===== RECORD SET

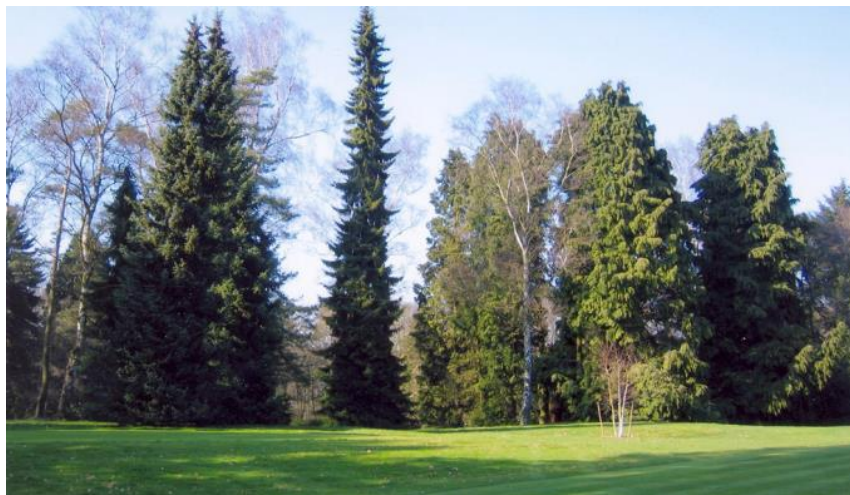
« Le plus beau Picea omorika du parcours à gauche du départ du 12 »

Nous avons complété le travail. Nous avons ajouté deux pins sylvestres ( Pinus sylvestris ), trois bouleaux noirs ( Betula nigra ), un bouleau de l'Himalaya ( Betula utilis ) dont l'écorce est particulièrement blanche et un févier doré ( Gleditsia triachantos inermis 'Sunburst') comme celui du 9.
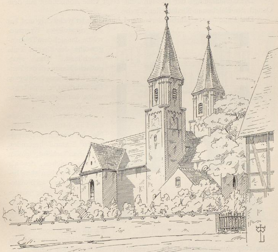
Veringendorf. Ansicht der Pfarrkirche.

allerdings sehr bescheidenen Abmessungen. Das Chor ist mit einem Tonnengewölbe überspannt und hatte einen halbrunden Apsidenabschluss, dessen Fundamente bei der Restauration im Jahre 1887 aufgedeckt wurden. Die kräftigen halbrunden Wandsäulen des Triumphbogens ohne Basen haben derbe Kapitäle mit rechteckiger Platte und Schmiege. Das untere Geschoss der Türme, gegen das Chor geöffnet, ist als Seitenkapelle ausgebildet und hat ausgebaute Apsiden und Kuppelgewölbe; zu beiden
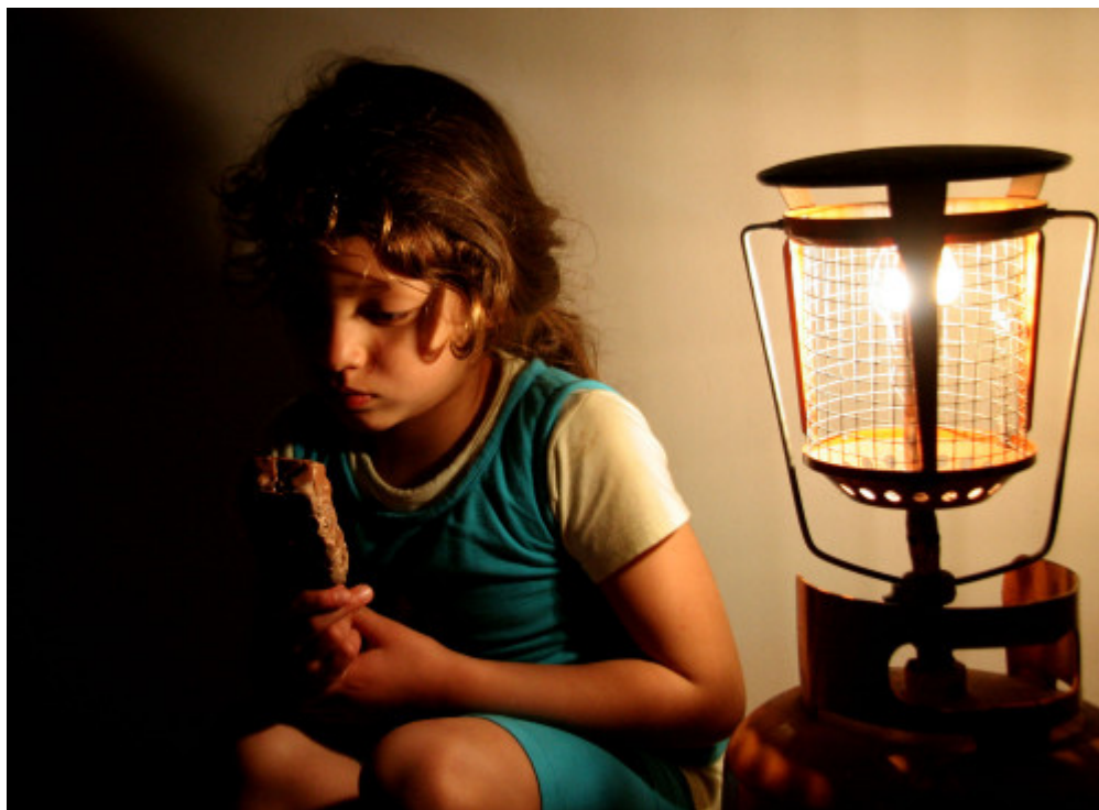
Οι διακοπες ηλεκτροδότησης είναι καθημερινες προκαλώντας μυριάδες προβλήματα σε νοσοκομεία και ατυχήματα στα σπίτια.
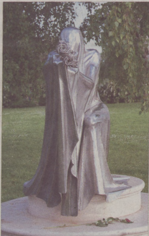
Árpádházi Szent Erzsébet - Vác
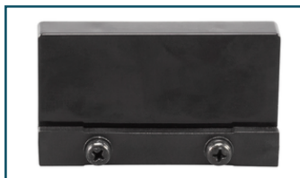
Schaafbeitel afstelmal (1 stuks) - 123062-2 - 0088381111270
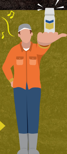
ビーラム® プライムフロアブル 250ml
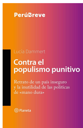
CONTRA EL POPULISMO PUNITIVO

==========

**WHAT IS NEEDED:**
Would you provide an exact, picture-free copy of the data above?

**EXERCISE RESPONSE:**
« Le plus beau Picea omorika du parcours à gauche du départ du 12 »

Nous avons complété le travail. Nous avons ajouté deux pins sylvestres ( Pinus sylvestris ), trois bouleaux noirs ( Betula nigra ), un bouleau de l'Himalaya ( Betula utilis ) dont l'écorce est particulièrement blanche et un févier doré ( Gleditsia triachantos inermis 'Sunburst') comme celui du 9.
Veringendorf. Ansicht der Pfarrkirche.

allerdings sehr bescheidenen Abmessungen. Das Chor ist mit einem Tonnengewölbe überspannt und hatte einen halbrunden Apsidenabschluss, dessen Fundamente bei der Restauration im Jahre 1887 aufgedeckt wurden. Die kräftigen halbrunden Wandsäulen des Triumphbogens ohne Basen haben derbe Kapitäle mit rechteckiger Platte und Schmiege. Das untere Geschoss der Türme, gegen das Chor geöffnet, ist als Seitenkapelle ausgebildet und hat ausgebaute Apsiden und Kuppelgewölbe; zu beiden
Οι διακοπες ηλεκτροδότησης είναι καθημερινες προκαλώντας μυριάδες προβλήματα σε νοσοκομεία και ατυχήματα στα σπίτια.
Árpádházi Szent Erzsébet - Vác
Schaafbeitel afstelmal (1 stuks) - 123062-2 - 0088381111270
ビーラム® プライムフロアブル 250ml
CONTRA EL POPULISMO PUNITIVO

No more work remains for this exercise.